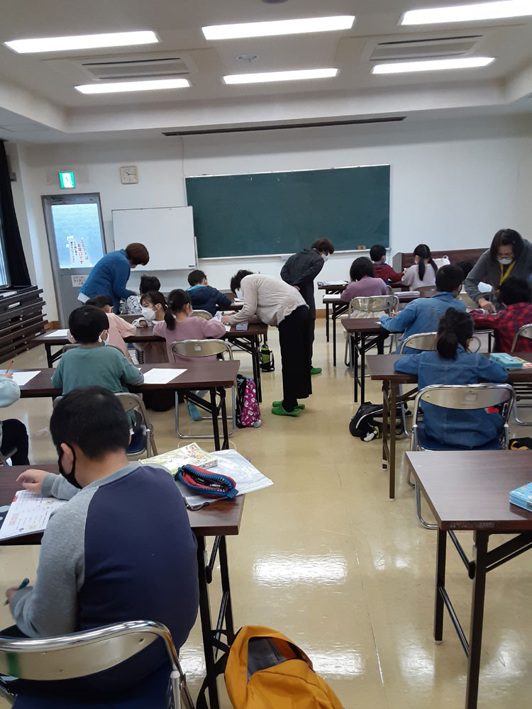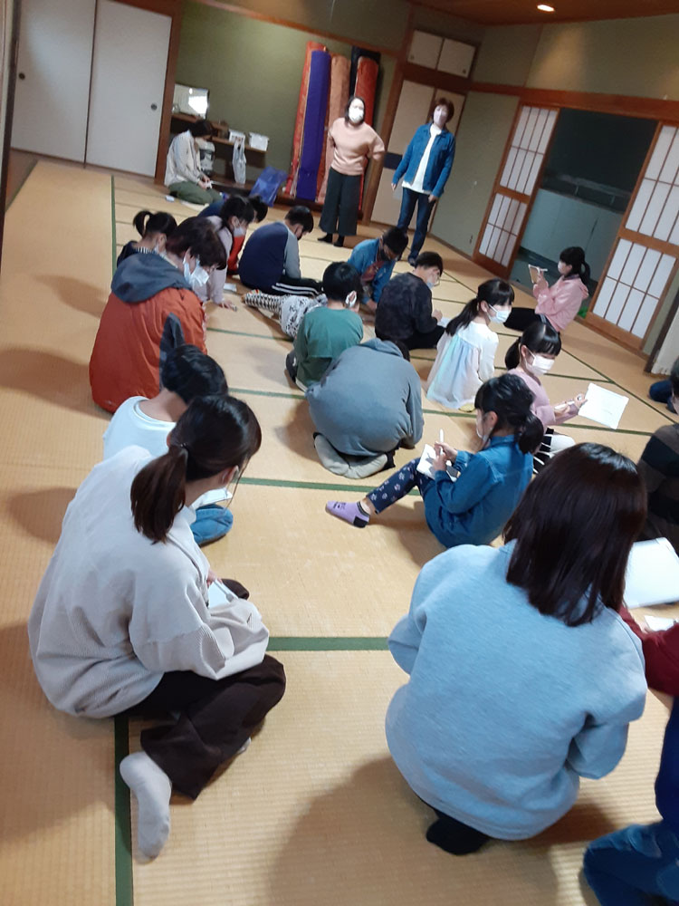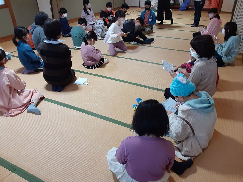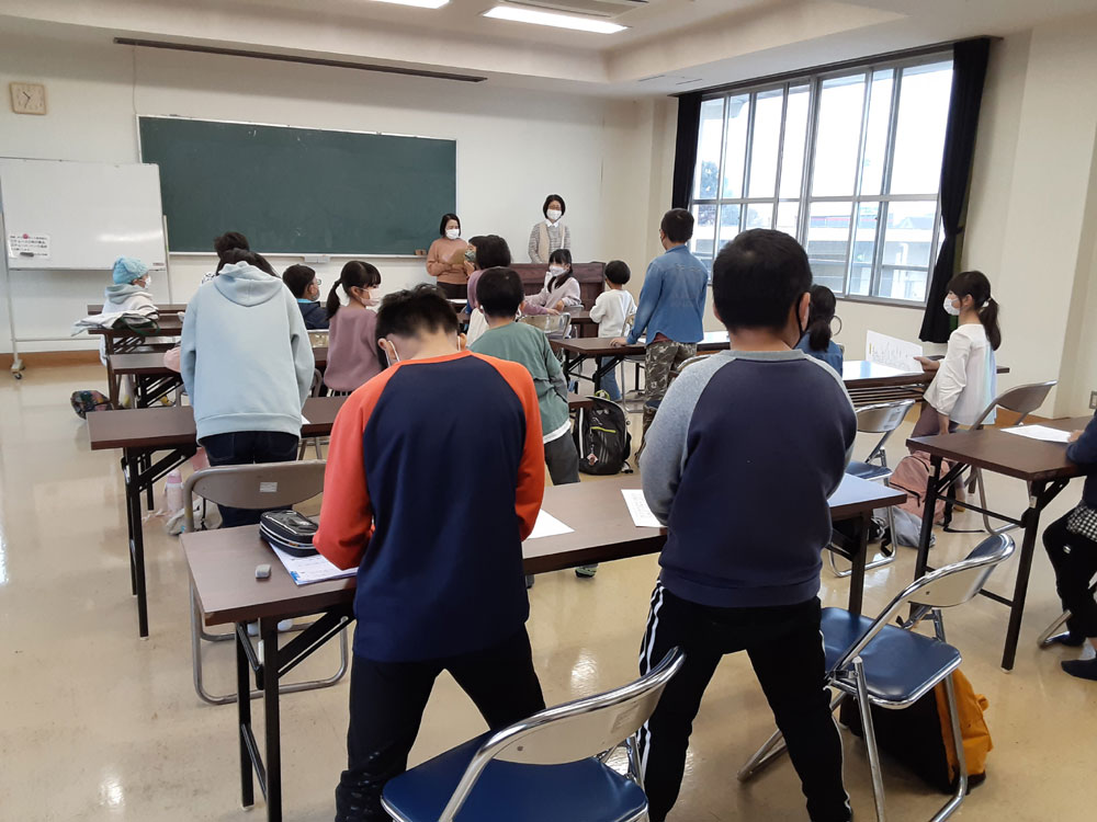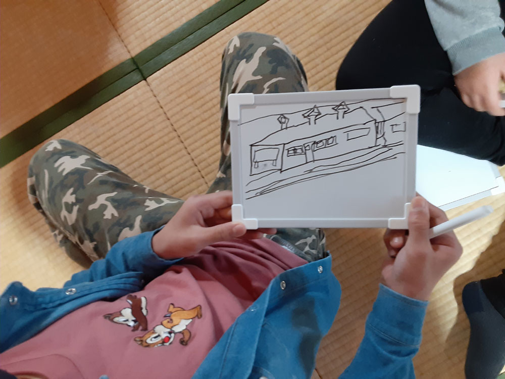 令和3年度最後の「みんなの久米ハウス」は自学自習のあと、”お楽しみ会”として、〇✖クイズやお絵描き伝言ゲーム、ビンゴをしました。〇✖クイズでは、久米地区や周南市の歴史についての地元クイズと、防災クイズを出題しました。お絵描き伝言ゲームは数十秒で絵を描き、上手に次々に伝えていました。ビンゴでは上がった人からお菓子のつかみ取りをしました。会が終わってから、クイズの内容が勉強になったことや、皆でゲームを楽しめて良かったという感想がほとんどの子供たちから聞けました。
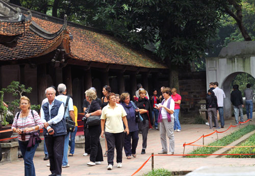 | Иностранные туристы посещают храм литературы «Ванмиеу-Куоктызям» в Ханое. Фото: VietNamNet |
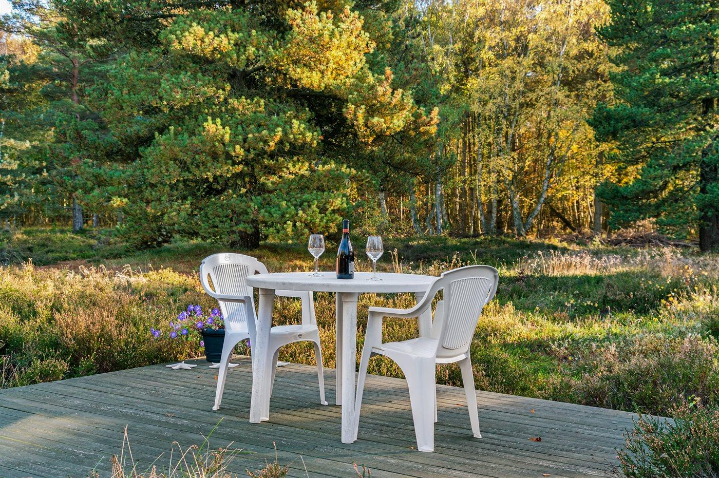 Hyggeligt feriehus på Læsø med stor terrasse, naturgrund og kort afstand til havet.
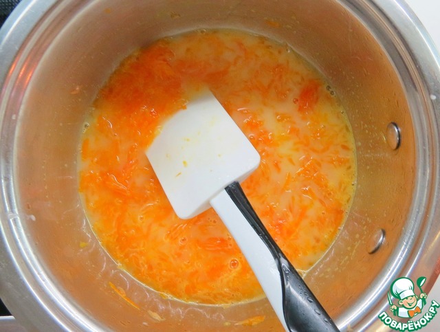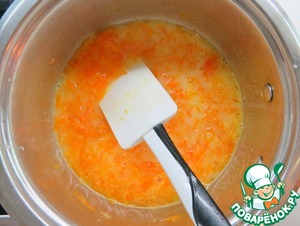 Тонкой струйкой влить в цитрусовый сироп, постоянно помешивая. Варить до загустения.
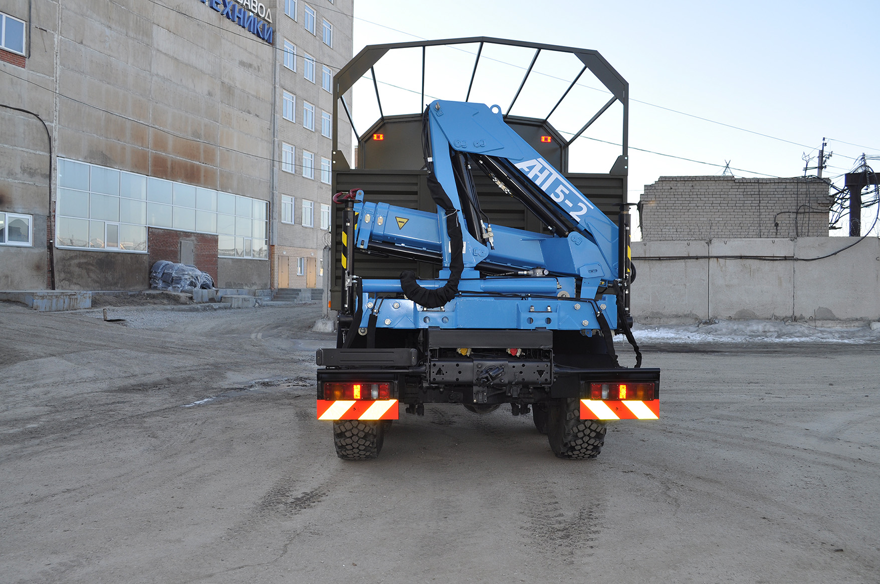 Кран-манипулятор автомобильный бортовой УЗСТ 483В-03 на шасси Урал-4320-1951-60(70) с установкой на заднем свесе

- - -

Every entry above should be duplicated exactly. Do not include the images.

 令和3年度最後の「みんなの久米ハウス」は自学自習のあと、”お楽しみ会”として、〇✖クイズやお絵描き伝言ゲーム、ビンゴをしました。〇✖クイズでは、久米地区や周南市の歴史についての地元クイズと、防災クイズを出題しました。お絵描き伝言ゲームは数十秒で絵を描き、上手に次々に伝えていました。ビンゴでは上がった人からお菓子のつかみ取りをしました。会が終わってから、クイズの内容が勉強になったことや、皆でゲームを楽しめて良かったという感想がほとんどの子供たちから聞けました。
 | Иностранные туристы посещают храм литературы «Ванмиеу-Куоктызям» в Ханое. Фото: VietNamNet |
 Hyggeligt feriehus på Læsø med stor terrasse, naturgrund og kort afstand til havet.
 Тонкой струйкой влить в цитрусовый сироп, постоянно помешивая. Варить до загустения.
 Кран-манипулятор автомобильный бортовой УЗСТ 483В-03 на шасси Урал-4320-1951-60(70) с установкой на заднем свесе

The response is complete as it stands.